We are uncertain in our ultimate aims, and we are unclear whether those aims can be reached. We don’t know, even if successful, what form new leadership will take. Protecting our own national security is not the issue here. We are militarily engaged in other countries that require our attention and our resources and drain us economically. And there are other countries in this region that, like the Libyan rebels, may soon be looking to us for more than moral support.
These are all legitimate reasons to question our sanity in what we have now undertaken. Yet despite all of this, if we stand by idly, watching as the seeds of democracy are crushed and a people are slaughtered systematically by one of their own, what are we?
When we have the opportunity and the capacity to act as guardians for a people who cannot protect themselves, and face imminent annihilation, isn’t that the moment that all other concerns must be cast aside?
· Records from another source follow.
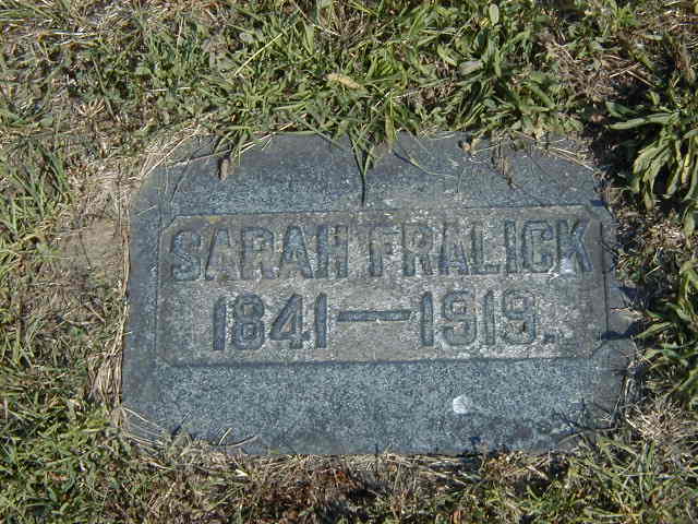 Sarah Lambert was born on 20 June 1841 at Prince Edward Co., Ontario; Date 1842 & location per Death Reg'n. Date per IGI Record - . Date and place per 1861 Census. I wrote down 1841 - can't be?? per Chart in Fralick file in L & A Archives, Napanee, transcribed July 25, 2002.1 As of 19 December 1859,her married name was Fralick. She married Jacob Fralick, son of Jonathan Freleigh and Charlotte Griffith, on 19 December 1859 at Prince Edward Co., Ontario; Date per IGI Record. per Chart in Fralick file in L & A Archives, Napanee, transcribed July 25, 2002. Sarah Lambert appeared on the census of April 1861 at Athol Twp., Prince Edward Co., Ontario; Age 20 at 1861 Census: see Jacob Fraleigh.2 She appeared on the census of April 1871 at Athol Twp., Prince Edward Co., Ontario; Age 30 at 1871 Census: see Jacob Freleigh.3 She appeared on the census of April 1881 at Hallowell Twp., Prince Edward Co., Ontario; Age 40 at 1881 Census: see William Fraleigh.4 She died on 9 March 1919 at Athol Twp., Prince Edward Co., Ontario, at age 77; Death Reg'n.: Name: Sarah Fralick; Died: Mar 9 1919; Age: 77y; Status: widow; Born: P. E. Co; Res.: Lot 3, Conc 2?, East Lake, Athol; Parents: Henry Lambert & ? ; Dr.: A. W. Heaslip; Inf.: W. H. McDonald, Picton
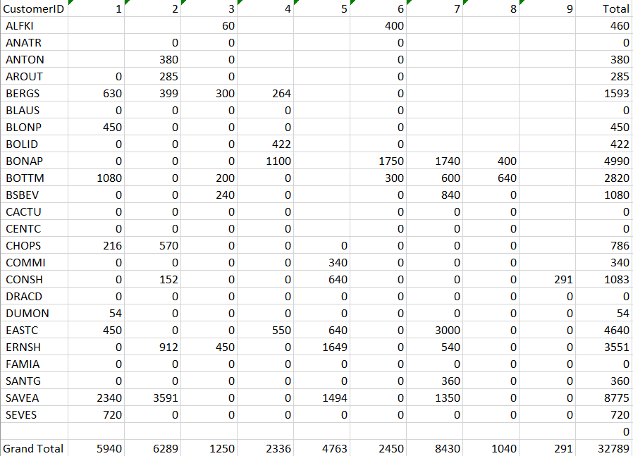 Below, you can see a sample of how the summary report appears. This summary table shows the number of sales across different years for customers, identified by their CustomerID.
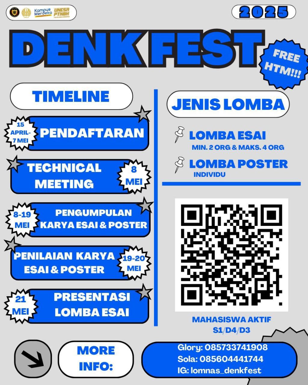 Halo pelajar Indonesia! Yuk ikutan DENK FEST 2025 – ajang seru buat kamu Mahasiswa S1 yang hobi nulis atau desain! Lombanya apa aja?
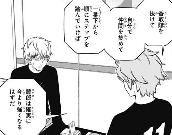 ヒュースは今回の遠征選抜試験でアフトに戻らねばならない、ユーマは残された時間が不明、絵馬は雨取がアフトに行くなら是が非でもついていきたい鳩原の件もあるし
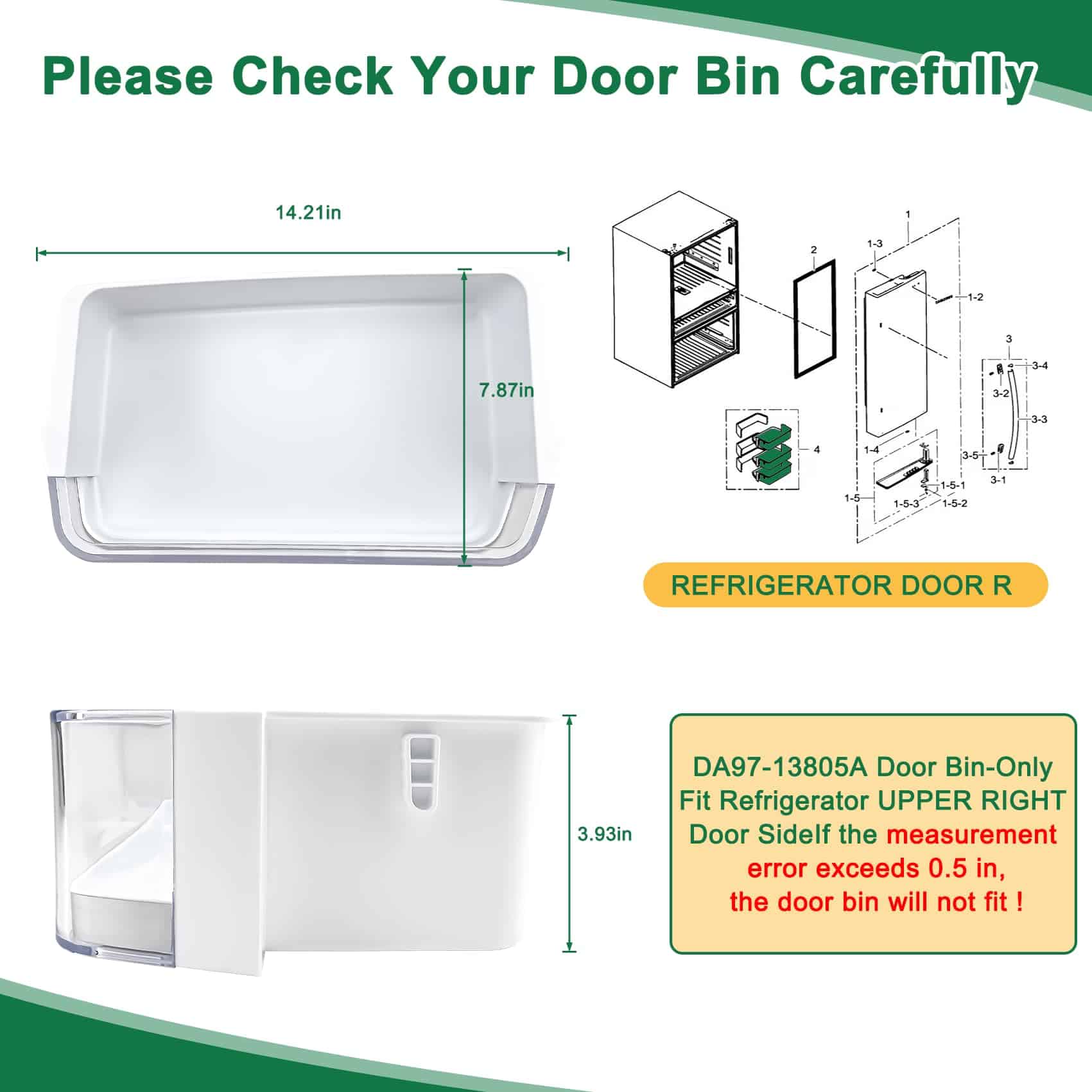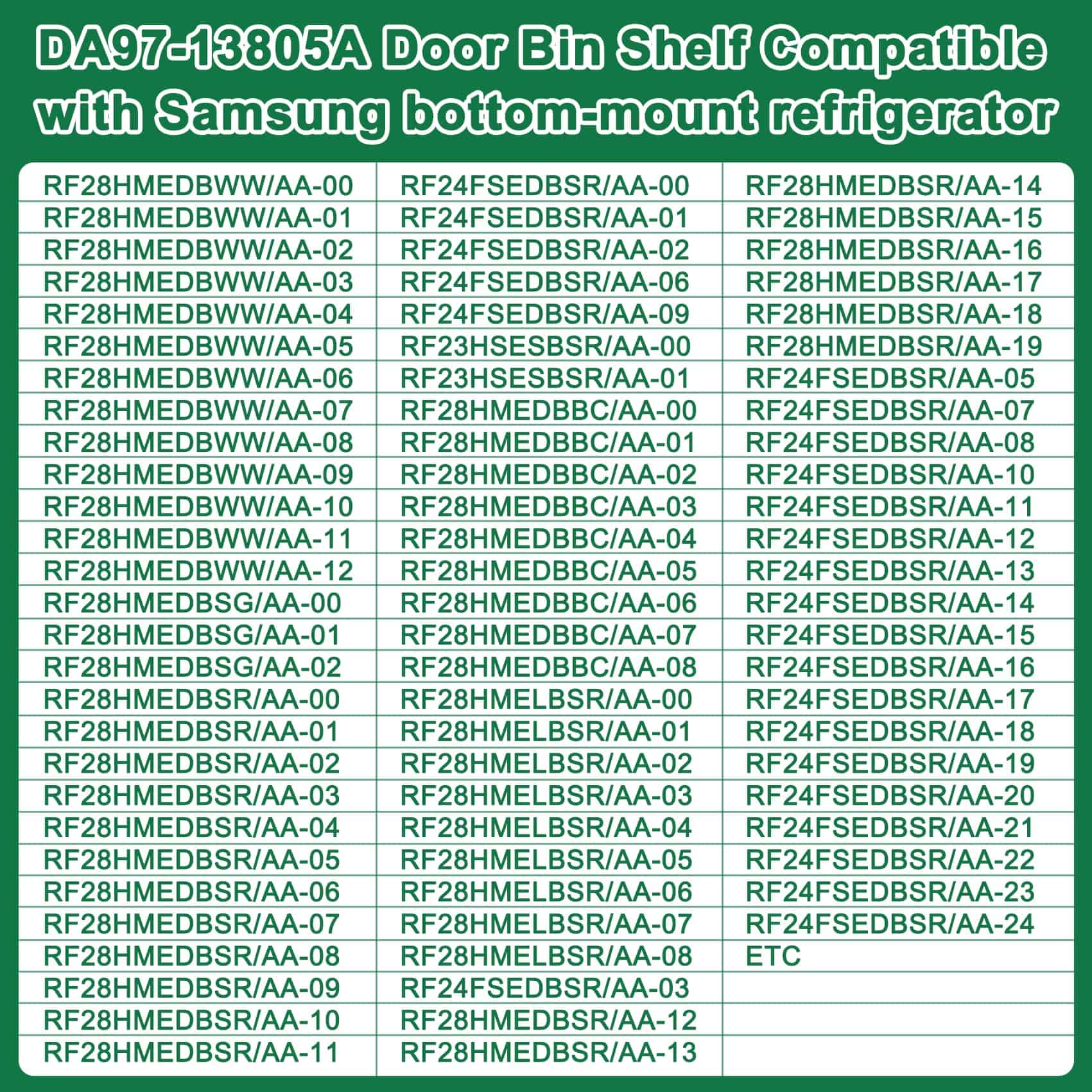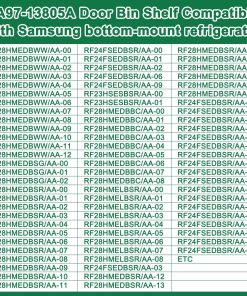 La bandeja de puerta DA97-13805A es una opción de calidad superior para reemplazar la bandeja de puerta dañada o desgastada de su refrigerador Samsung. Este modelo es compatible con una variedad de modelos Samsung, incluyendo RF28HMEDBWW/AA-12, RF28HMEDBSG/AA-01, RF28HMEDBSR/AA-09, RF24FSEDBSR/AA-02, RF23HSESBSR/AA-00, entre otros.

If we can do what’s morally right, is there any way that we cannot?
Robert S. Nussbaum
Fort Lee, N.J., March 21, 2011
To the Editor:
We need to regroup. How does our moral obligation to save the world affect us these days, in these times?
I believe that there is something archaic about America’s being the policeman for the wrongs in the world. And in some important way there is something very odd, as we bomb Libya. I think that we seriously need to rethink the boundaries of our responsibilities and obligations to our allies and other nations.
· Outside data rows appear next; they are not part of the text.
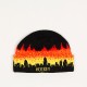 Lights Out Beanie Black from Hockey Skateboards , a brand created by skateboarding legends Jason Dill and Anthony van Engelen. Knitted motif of a burning city with the words Hockey around the perimeter of the cap. Oversized cut with a folded hem. Made of 100% acrylic.
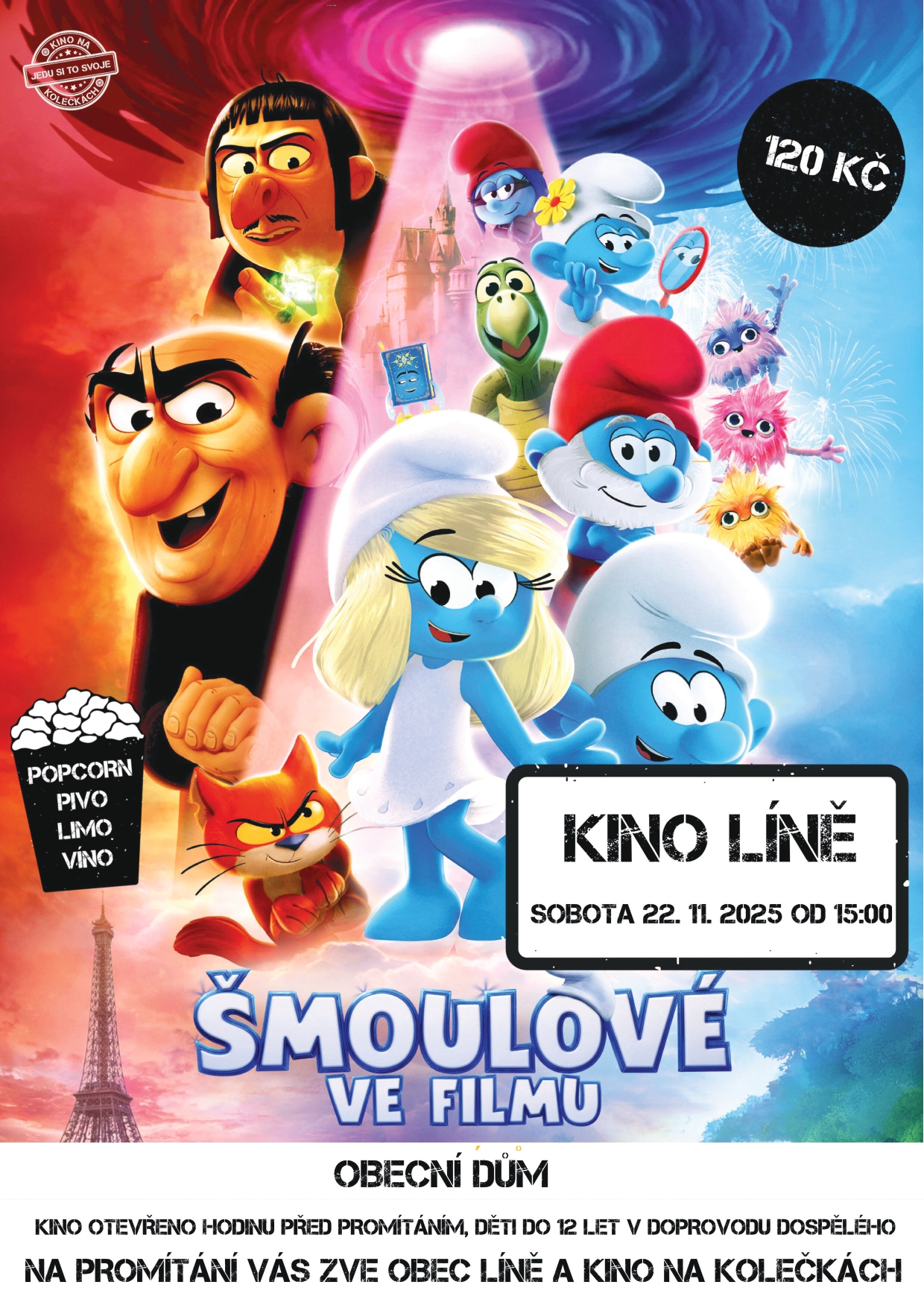 Srdečně Vás zveme na promítání filmu "Šmoulové ve filmu", které proběhne v sobotu 22.11.2025 od 15:00 v Obecním domě Líně. Vstupné 120.-Kč. Kino otevřeno hodinu před promítáním. Těšíme se na Vás společně s obcí Líně a Kinem na kolečkách.
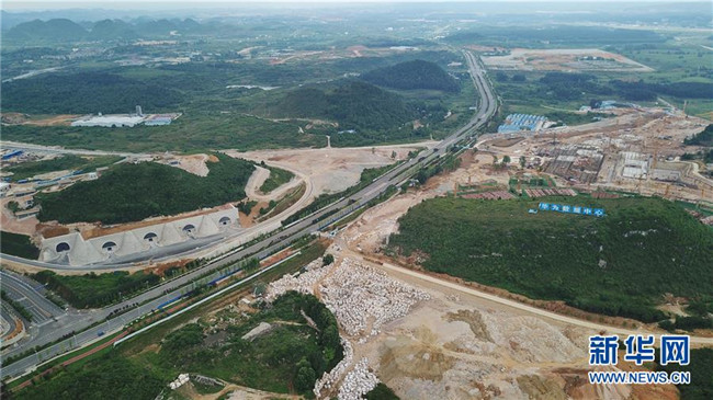 這是5月19日無人機拍攝的貴州省貴安新區(qū)“華為云”數(shù)據(jù)中心建設(shè)現(xiàn)場(以道路為界右)和騰訊貴安七星數(shù)據(jù)中心(左)。新華社記者 歐東衢 攝
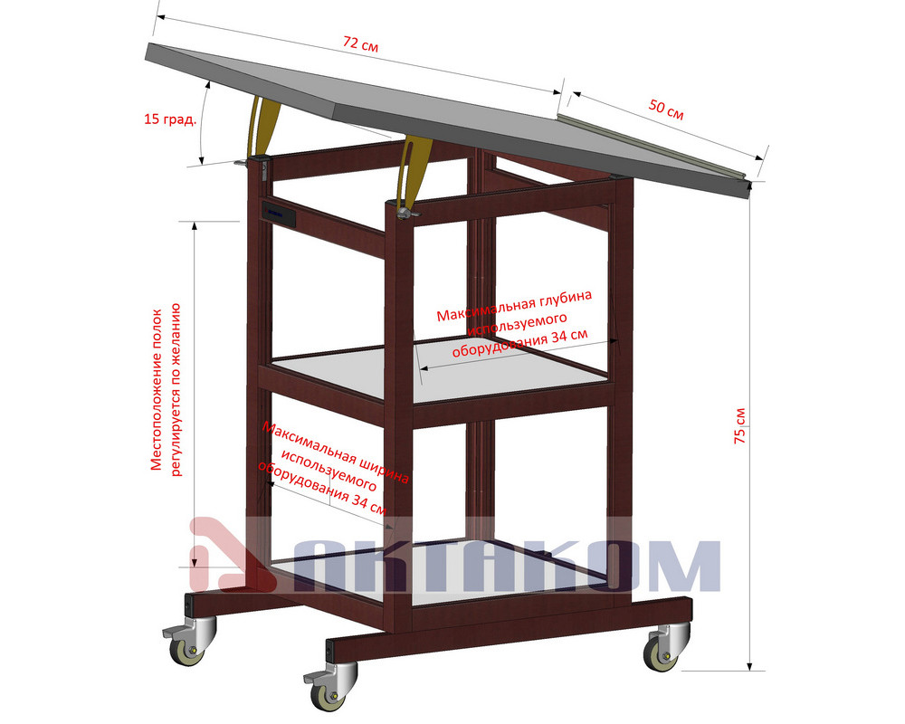 Подкатной столик с регулируемым наклоном рабочей поверхности с антистатической столешницей АРМ-5152-ESD

I am definitely not for isolationism, but I do not think that what is going on in Libya is our obligation or responsibility. And I wish, just once, that someone would ask us, the average citizens of this country, what we think. Please.
Suzy Lowinger
New York, March 21, 2011
To the Editor:
It is astounding to see so many Americans who have criticized our involvement in Iraq now enthusiastically supporting military action in Libya. If the justification is to save innocent civilian lives, Saddam Hussein was far more murderous.
Saddam Hussein had attacked Kuwait and threatened Saudi Arabia. Surely those actions threatened our own interests more than Libya’s actions.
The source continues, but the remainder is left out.